---- Data provided
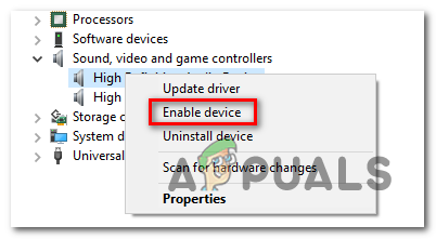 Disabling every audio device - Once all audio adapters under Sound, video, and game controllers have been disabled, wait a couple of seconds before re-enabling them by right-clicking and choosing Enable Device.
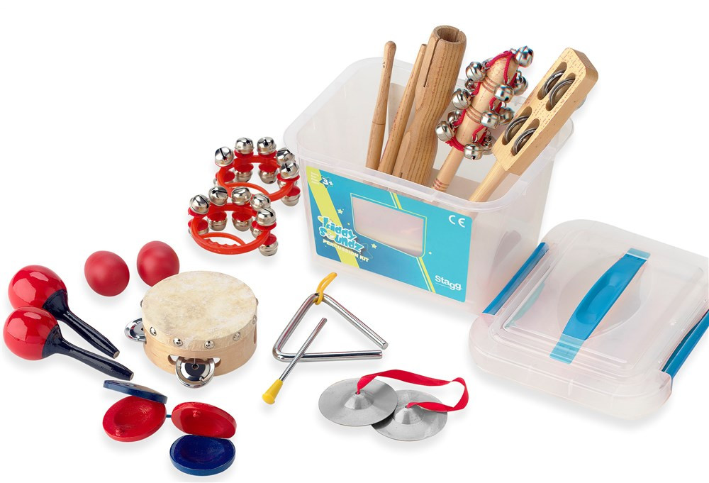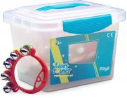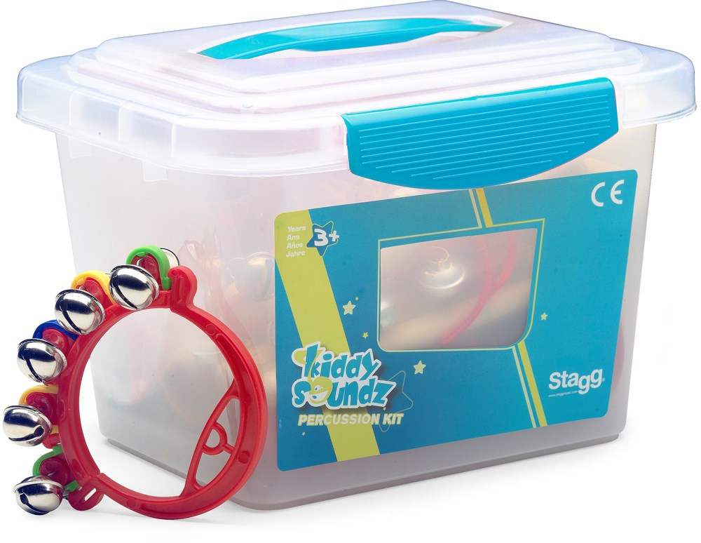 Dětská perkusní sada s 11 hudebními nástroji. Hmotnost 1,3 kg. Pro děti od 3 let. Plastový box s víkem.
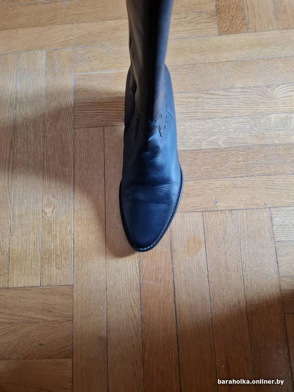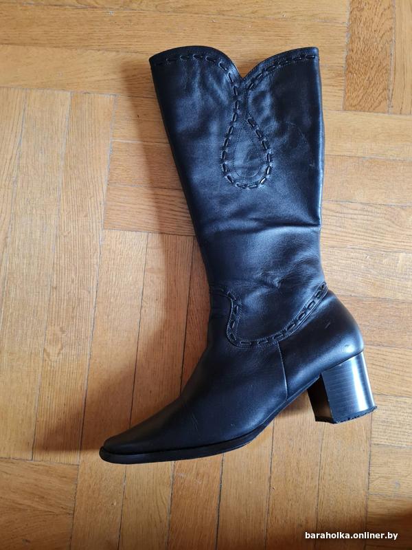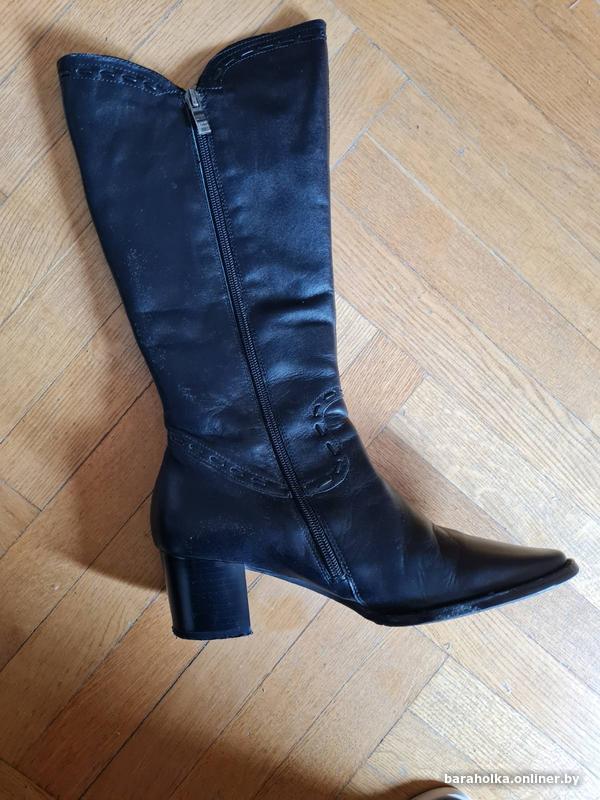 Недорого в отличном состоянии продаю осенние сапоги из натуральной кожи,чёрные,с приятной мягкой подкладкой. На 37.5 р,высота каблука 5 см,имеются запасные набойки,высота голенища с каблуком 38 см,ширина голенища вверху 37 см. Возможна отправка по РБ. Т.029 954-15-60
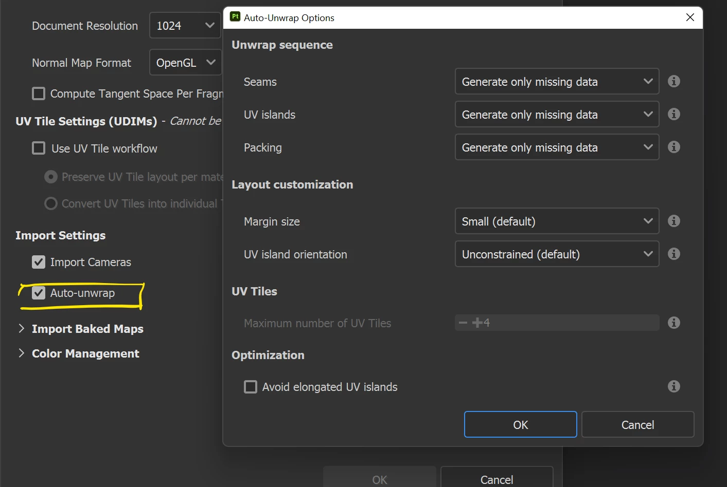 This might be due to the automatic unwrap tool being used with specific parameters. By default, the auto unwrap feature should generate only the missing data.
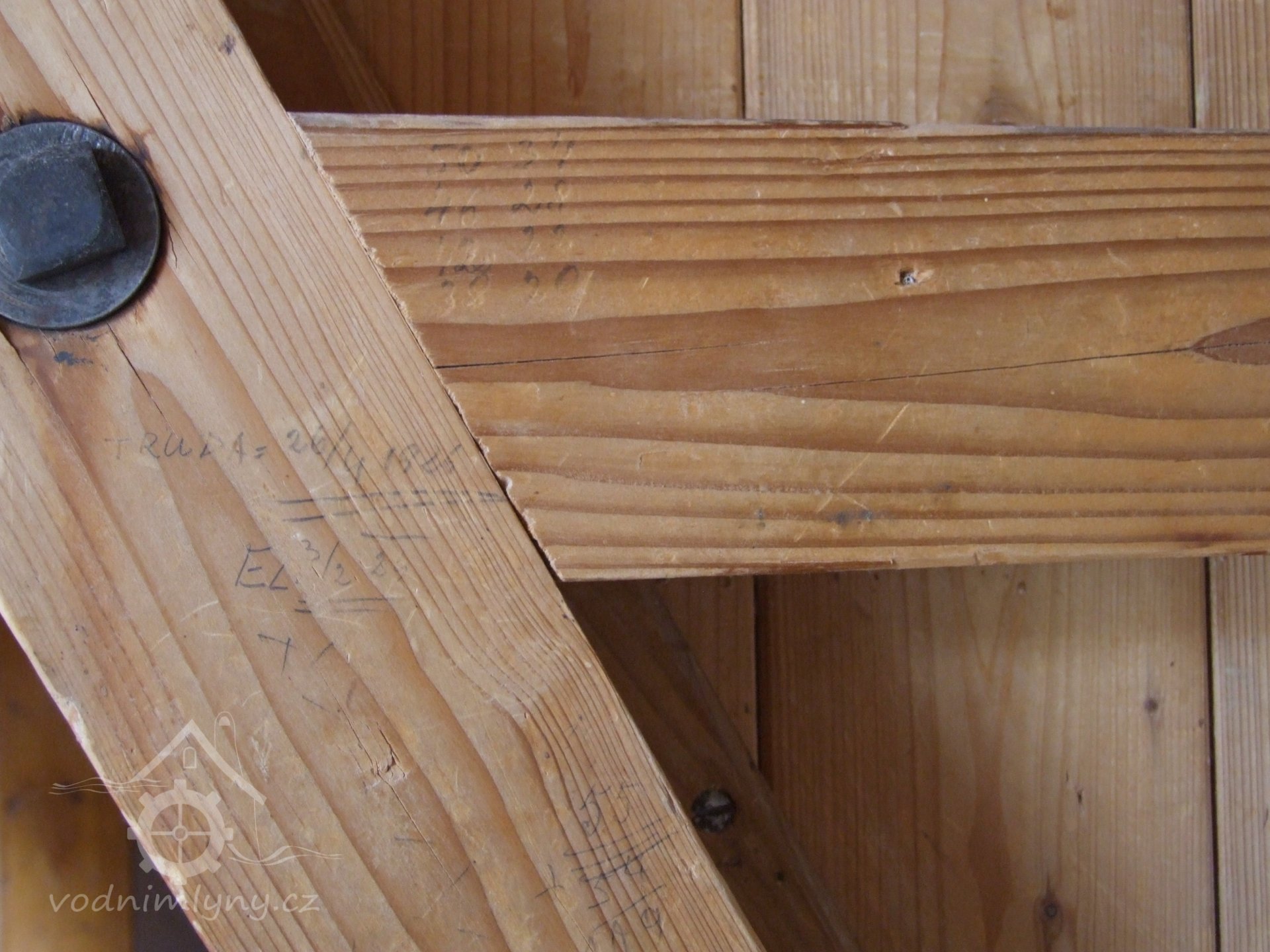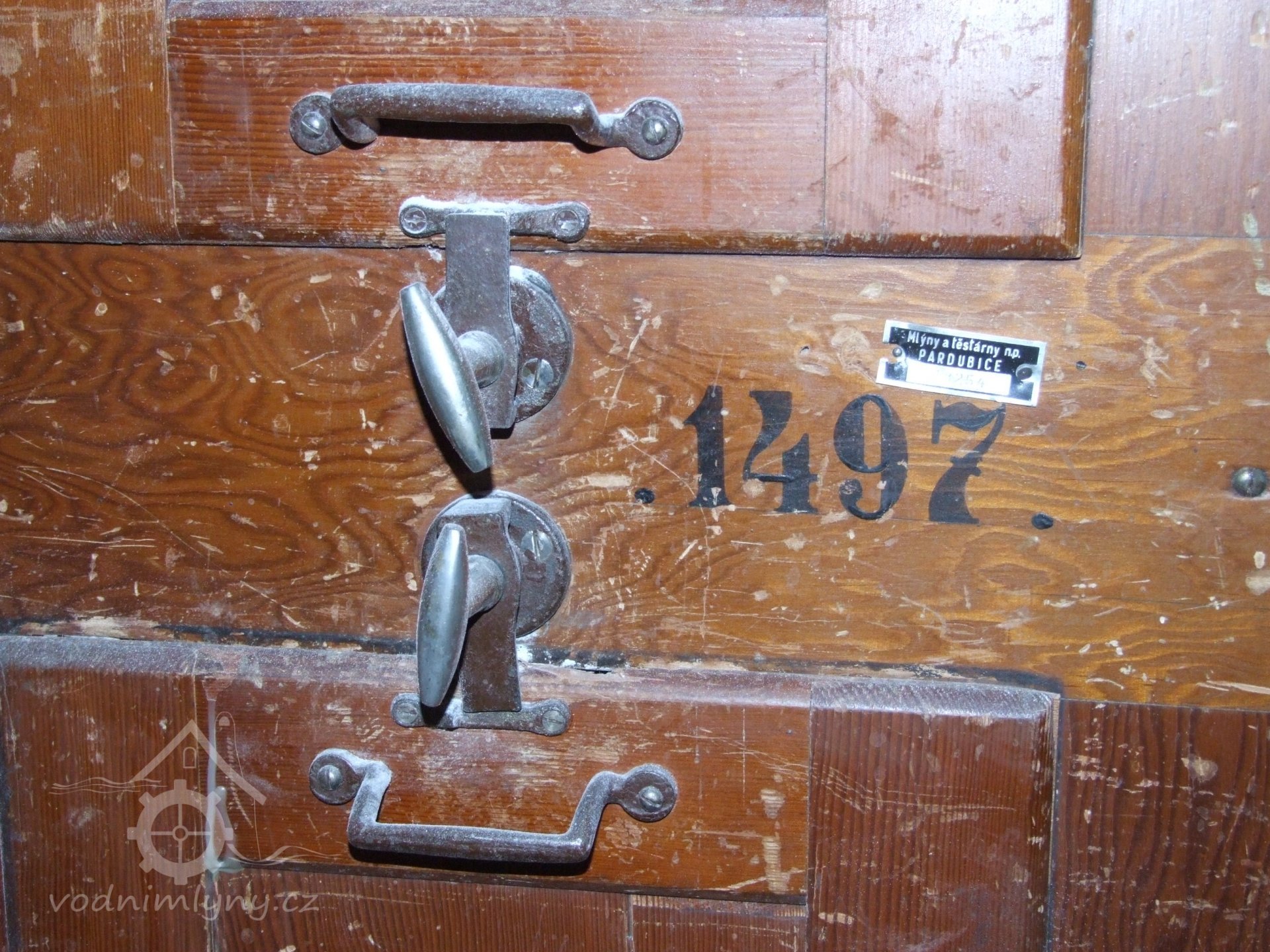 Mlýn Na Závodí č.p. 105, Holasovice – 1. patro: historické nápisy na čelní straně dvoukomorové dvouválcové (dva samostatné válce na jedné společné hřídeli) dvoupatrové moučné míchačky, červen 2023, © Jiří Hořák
--------
---- Data provided
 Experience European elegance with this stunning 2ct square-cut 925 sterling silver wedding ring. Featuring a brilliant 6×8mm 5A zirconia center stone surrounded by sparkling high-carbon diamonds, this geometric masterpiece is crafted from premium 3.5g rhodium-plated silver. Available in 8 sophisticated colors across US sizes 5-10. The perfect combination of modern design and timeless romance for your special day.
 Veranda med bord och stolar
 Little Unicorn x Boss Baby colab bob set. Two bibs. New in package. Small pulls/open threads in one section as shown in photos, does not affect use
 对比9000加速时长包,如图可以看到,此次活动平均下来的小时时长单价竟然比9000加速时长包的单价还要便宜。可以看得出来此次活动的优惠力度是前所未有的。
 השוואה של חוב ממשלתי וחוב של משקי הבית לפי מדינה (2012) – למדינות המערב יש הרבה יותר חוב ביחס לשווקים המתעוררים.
--------
---- Data provided
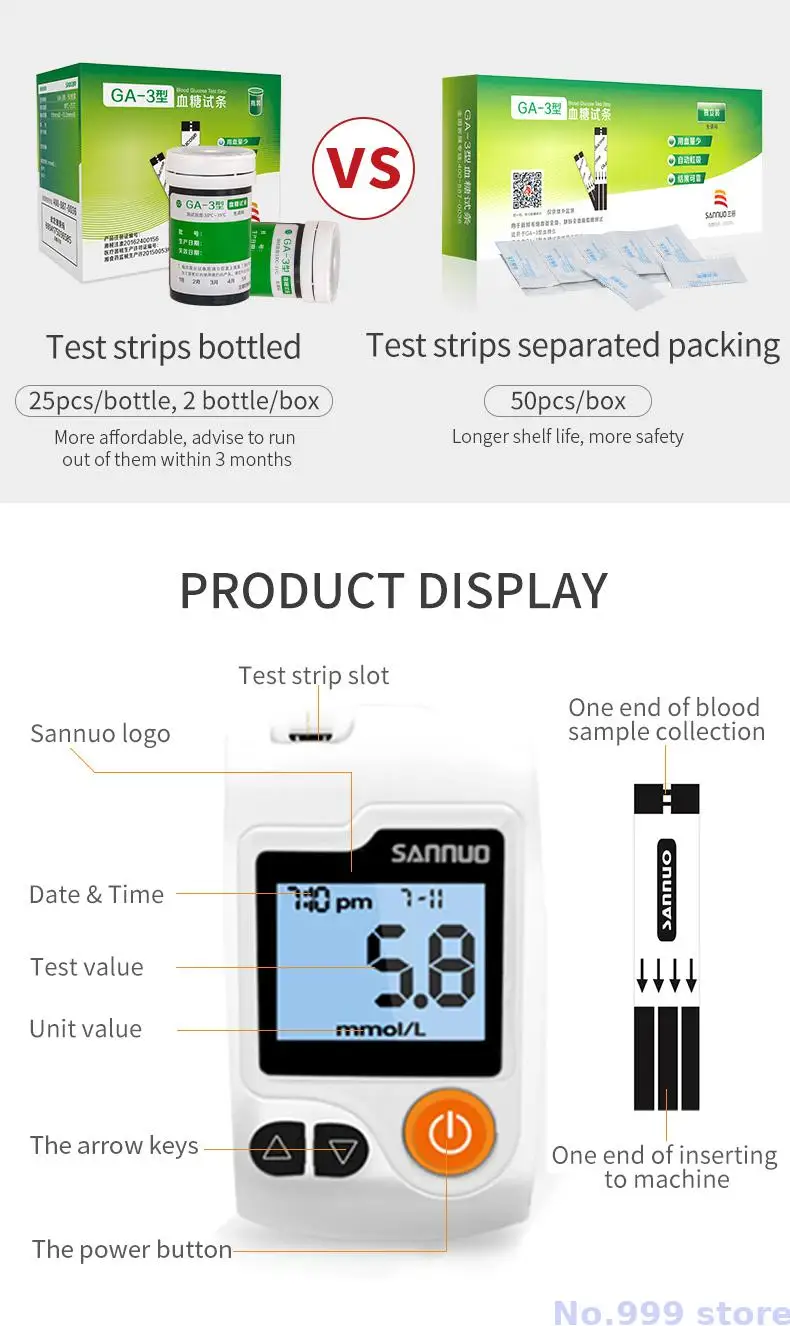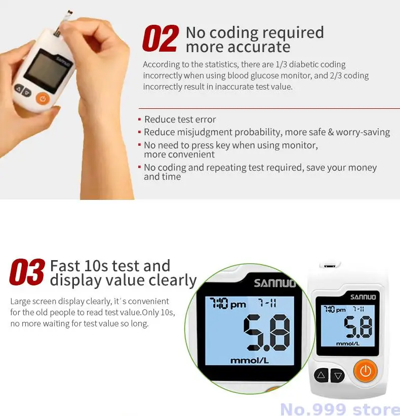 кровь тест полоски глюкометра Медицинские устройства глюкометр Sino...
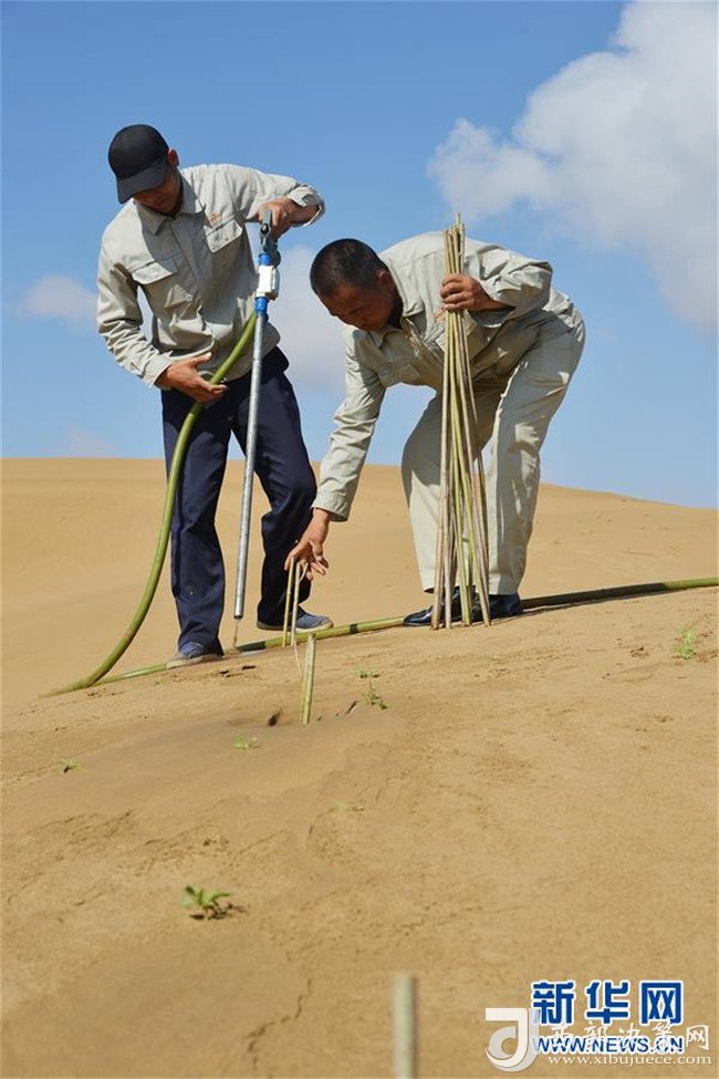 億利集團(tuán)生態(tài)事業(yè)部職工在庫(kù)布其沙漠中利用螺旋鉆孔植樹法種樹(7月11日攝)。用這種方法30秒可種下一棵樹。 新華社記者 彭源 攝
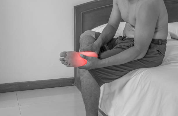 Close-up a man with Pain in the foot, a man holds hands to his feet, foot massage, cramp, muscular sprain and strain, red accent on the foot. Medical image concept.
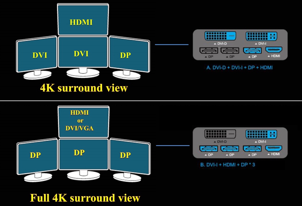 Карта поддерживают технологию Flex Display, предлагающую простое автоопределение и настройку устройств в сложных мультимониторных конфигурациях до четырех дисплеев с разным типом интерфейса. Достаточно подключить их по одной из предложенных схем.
--------
● Task to complete:
Among the entries above, copy exactly only the lines starting with the one containing "Little Unicorn x" and going through the one containing "השוואה של חוב", both ends included.

● Response area:
 Little Unicorn x Boss Baby colab bob set. Two bibs. New in package. Small pulls/open threads in one section as shown in photos, does not affect use
 对比9000加速时长包,如图可以看到,此次活动平均下来的小时时长单价竟然比9000加速时长包的单价还要便宜。可以看得出来此次活动的优惠力度是前所未有的。
 השוואה של חוב ממשלתי וחוב של משקי הבית לפי מדינה (2012) – למדינות המערב יש הרבה יותר חוב ביחס לשווקים המתעוררים.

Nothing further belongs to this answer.